In this guide, we will cover practical Dozer usage from basic field mapping through nested objects, custom converters, and Spring integration — then benchmark Dozer against MapStruct so you can make an informed architectural decision for your next project.
Why Use a Bean Mapper at All?
A typical layered application maintains at least three object representations of the same data: an API DTO (shaped for the consumer), a domain entity (shaped for business logic), and a persistence entity (shaped for the database). Manually copying between these introduces several risks: missed fields when a model is updated, inconsistent null handling, and tight coupling between layers. A bean mapper like Dozer encapsulates all field mapping rules in one place, so adding a new field to the DTO and the entity automatically propagates the mapping without touching service code.
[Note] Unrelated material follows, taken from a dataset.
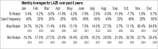 To download LAZR seasonal chart data, please log in or Subscribe.
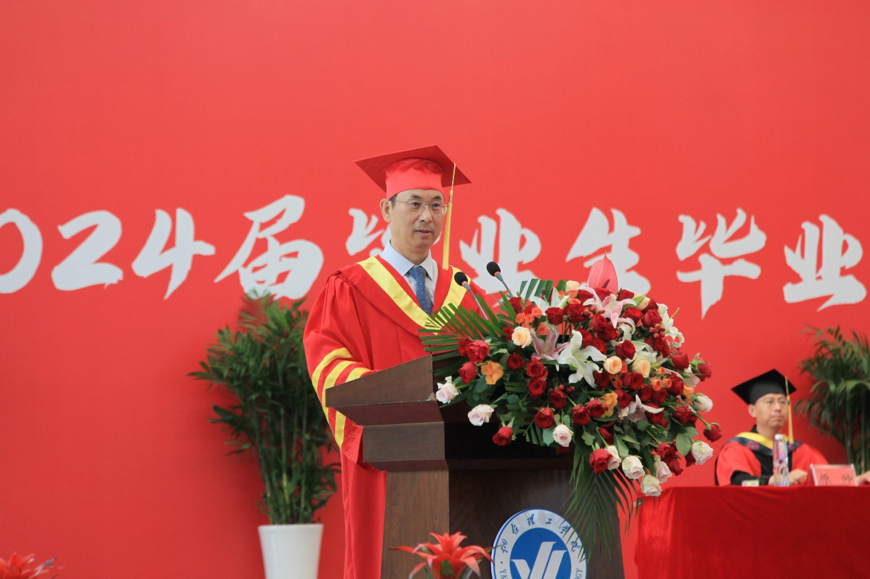 大會(huì)最后,煙臺(tái)理工學(xué)院校長(zhǎng)于光輝發(fā)表了講話。于校長(zhǎng)首先代表學(xué)校向圓滿完成學(xué)業(yè)的畢業(yè)生表示衷心祝賀,感謝2024屆本科畢業(yè)生在四年的時(shí)光中,陪伴煙臺(tái)理工學(xué)院共同成長(zhǎng)進(jìn)步。期望同學(xué)們?cè)谖磥淼纳钪斜?ldquo;和合”精神,學(xué)會(huì)溝通合作;永葆熱愛,心懷家國(guó);心懷勇氣,不懈拼搏,奔赴星辰大海。

1. Getting Started: Maven Dependency
Add dozer-core to your pom.xml. No annotation processors or build plugins are required.
<dependency>
<groupId>com.github.dozermapper</groupId>
<artifactId>dozer-core</artifactId>
<version>6.5.0</version>
</dependency>
Instantiate the Mapper once — in a Spring application, define it as a singleton @Bean. Creating a new mapper per request is a serious performance antipattern because the mapper must parse all mapping metadata on each construction.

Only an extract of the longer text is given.